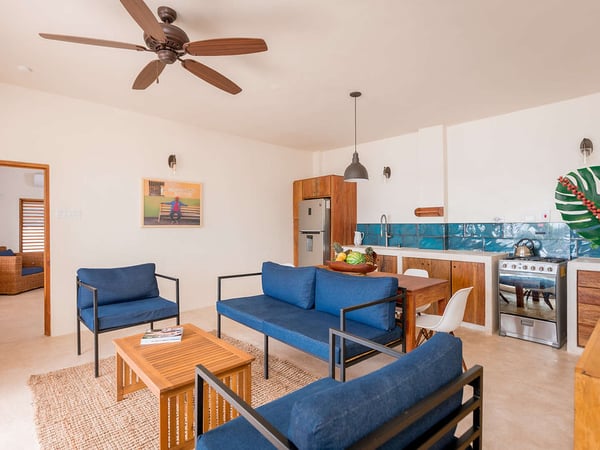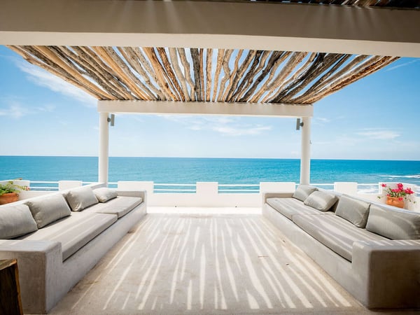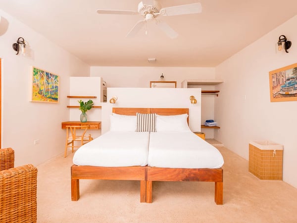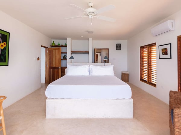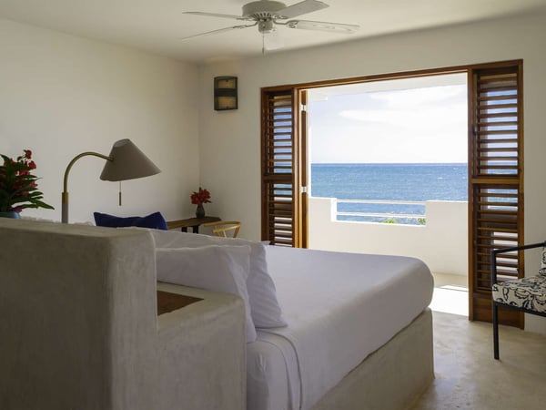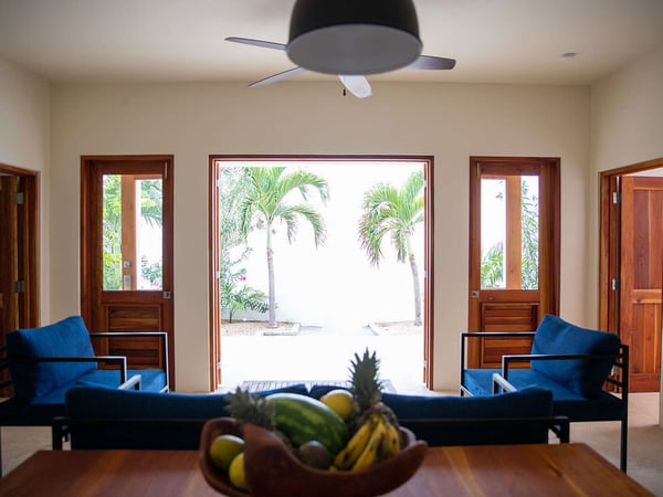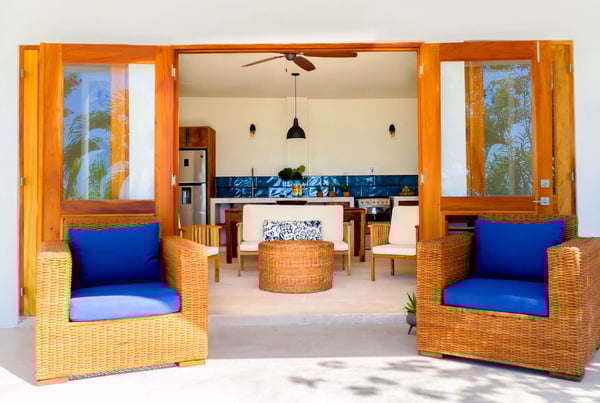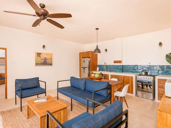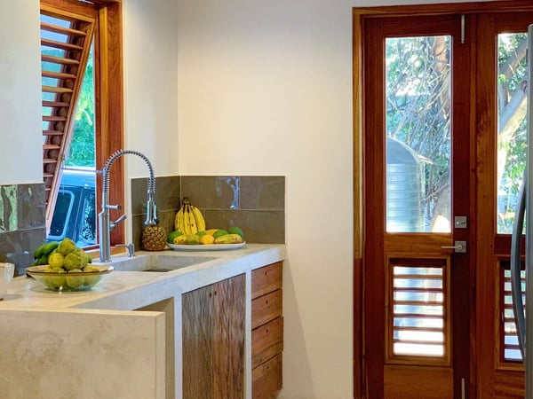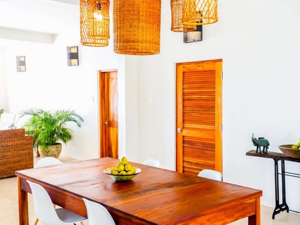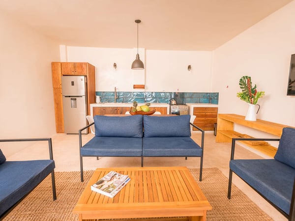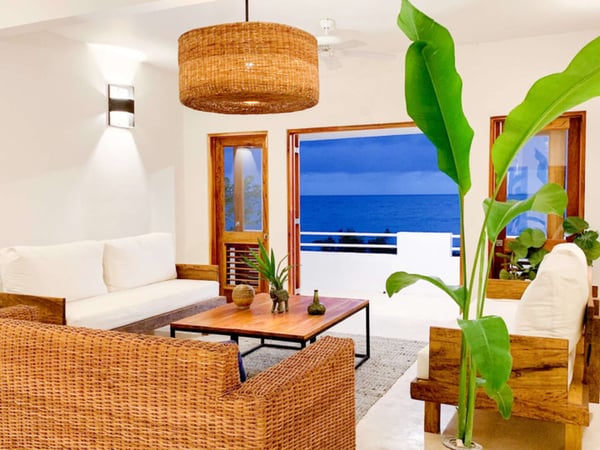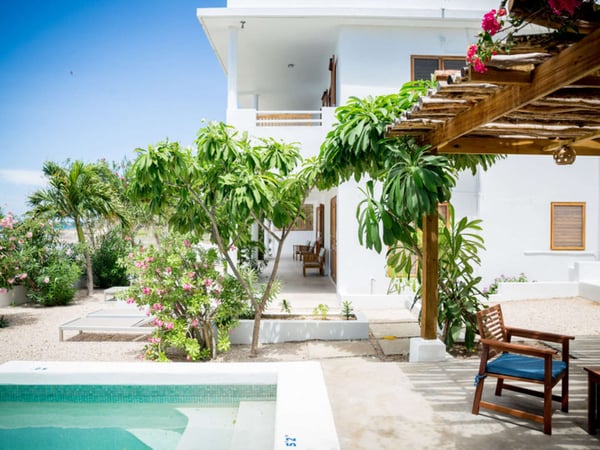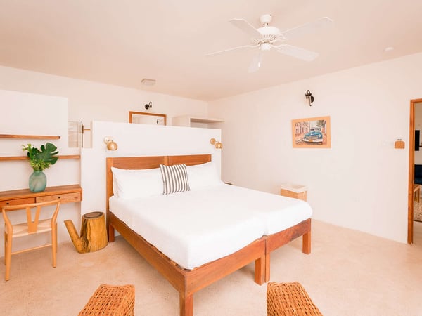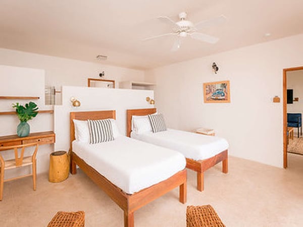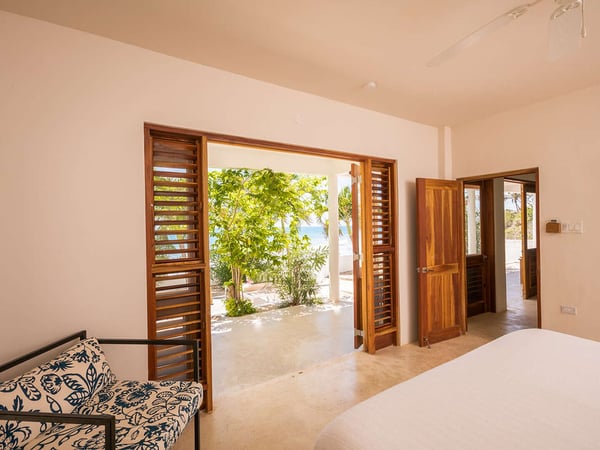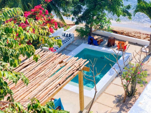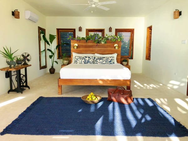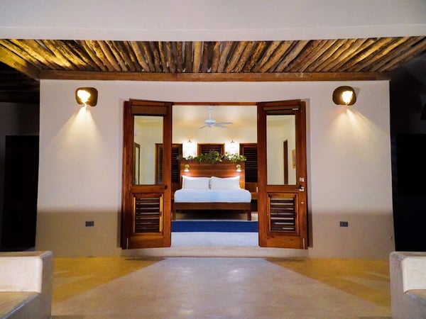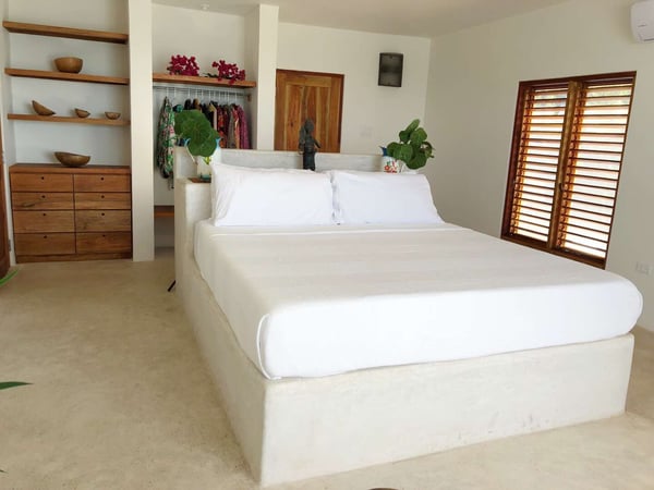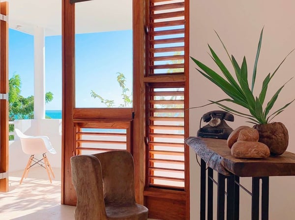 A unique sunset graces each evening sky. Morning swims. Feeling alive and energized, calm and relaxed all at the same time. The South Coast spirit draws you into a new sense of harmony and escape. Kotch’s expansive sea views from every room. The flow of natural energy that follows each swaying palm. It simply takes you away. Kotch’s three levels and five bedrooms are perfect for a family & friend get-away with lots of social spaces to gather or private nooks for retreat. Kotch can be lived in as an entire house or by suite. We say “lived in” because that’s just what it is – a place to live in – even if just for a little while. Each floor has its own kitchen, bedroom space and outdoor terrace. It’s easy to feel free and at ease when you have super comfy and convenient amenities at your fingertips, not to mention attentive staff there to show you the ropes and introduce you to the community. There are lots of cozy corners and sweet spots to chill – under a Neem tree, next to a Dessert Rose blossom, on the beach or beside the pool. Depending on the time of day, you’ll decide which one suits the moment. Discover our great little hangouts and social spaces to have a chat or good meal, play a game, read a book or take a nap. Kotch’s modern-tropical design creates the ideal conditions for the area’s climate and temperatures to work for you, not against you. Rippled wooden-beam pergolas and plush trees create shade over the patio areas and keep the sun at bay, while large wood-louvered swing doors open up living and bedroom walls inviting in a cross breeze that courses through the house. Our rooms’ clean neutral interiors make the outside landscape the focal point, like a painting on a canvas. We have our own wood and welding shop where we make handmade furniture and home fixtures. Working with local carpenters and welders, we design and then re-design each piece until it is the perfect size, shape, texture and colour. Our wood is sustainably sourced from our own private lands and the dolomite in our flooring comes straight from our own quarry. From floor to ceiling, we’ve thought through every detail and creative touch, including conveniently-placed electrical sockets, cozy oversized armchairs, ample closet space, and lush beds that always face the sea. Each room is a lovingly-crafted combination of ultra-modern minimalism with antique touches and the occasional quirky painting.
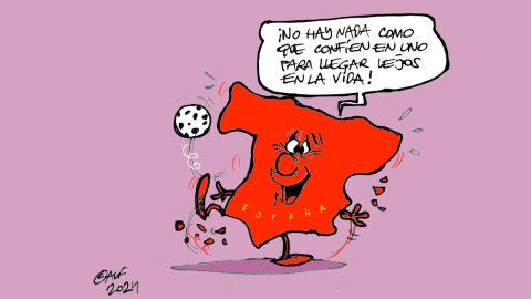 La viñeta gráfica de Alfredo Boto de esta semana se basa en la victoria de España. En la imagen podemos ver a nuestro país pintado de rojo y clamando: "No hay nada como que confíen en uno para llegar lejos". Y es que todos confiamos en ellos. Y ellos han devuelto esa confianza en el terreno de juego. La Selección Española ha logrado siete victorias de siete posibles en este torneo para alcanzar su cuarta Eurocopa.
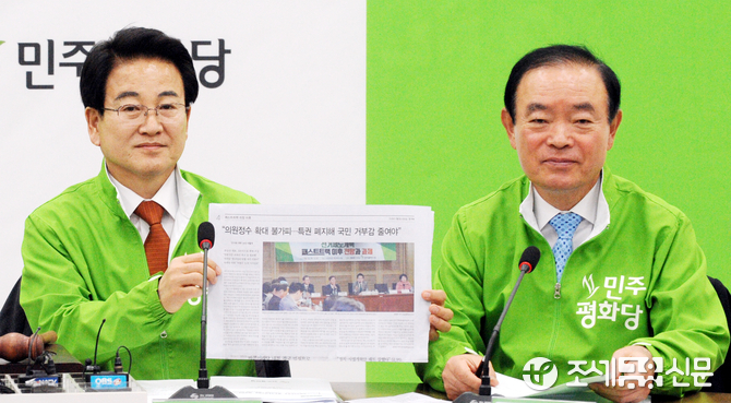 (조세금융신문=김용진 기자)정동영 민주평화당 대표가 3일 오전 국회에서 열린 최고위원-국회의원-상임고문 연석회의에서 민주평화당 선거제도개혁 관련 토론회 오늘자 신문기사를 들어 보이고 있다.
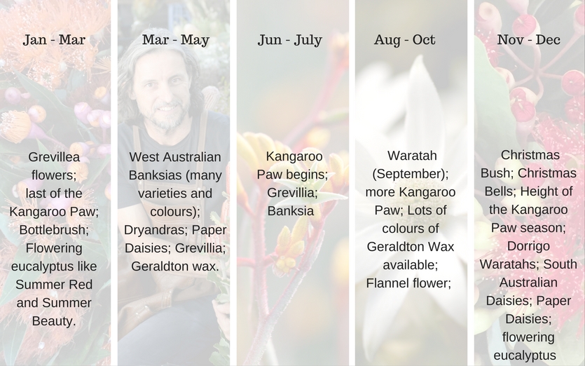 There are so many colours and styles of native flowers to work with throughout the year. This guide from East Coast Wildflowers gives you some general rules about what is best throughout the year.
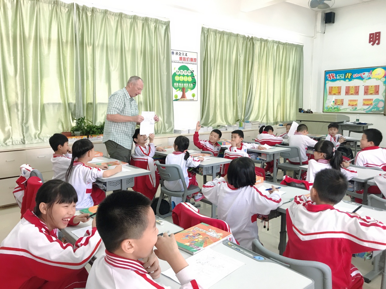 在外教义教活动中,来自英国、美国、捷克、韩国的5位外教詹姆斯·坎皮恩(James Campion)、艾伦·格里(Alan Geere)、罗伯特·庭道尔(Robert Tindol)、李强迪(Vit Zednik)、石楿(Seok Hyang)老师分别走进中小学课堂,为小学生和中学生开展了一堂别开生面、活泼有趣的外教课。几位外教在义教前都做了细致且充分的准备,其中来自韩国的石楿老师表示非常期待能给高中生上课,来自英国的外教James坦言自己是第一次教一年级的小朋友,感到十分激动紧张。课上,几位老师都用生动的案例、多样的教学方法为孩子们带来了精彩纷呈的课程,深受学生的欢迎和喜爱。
───
Your assignment: From the line containing "There are so" down to the final line of the listing above, write out only those lines exactly as they are, minus the pictures.

Answer for this exercise:
 There are so many colours and styles of native flowers to work with throughout the year. This guide from East Coast Wildflowers gives you some general rules about what is best throughout the year.
 在外教义教活动中,来自英国、美国、捷克、韩国的5位外教詹姆斯·坎皮恩(James Campion)、艾伦·格里(Alan Geere)、罗伯特·庭道尔(Robert Tindol)、李强迪(Vit Zednik)、石楿(Seok Hyang)老师分别走进中小学课堂,为小学生和中学生开展了一堂别开生面、活泼有趣的外教课。几位外教在义教前都做了细致且充分的准备,其中来自韩国的石楿老师表示非常期待能给高中生上课,来自英国的外教James坦言自己是第一次教一年级的小朋友,感到十分激动紧张。课上,几位老师都用生动的案例、多样的教学方法为孩子们带来了精彩纷呈的课程,深受学生的欢迎和喜爱。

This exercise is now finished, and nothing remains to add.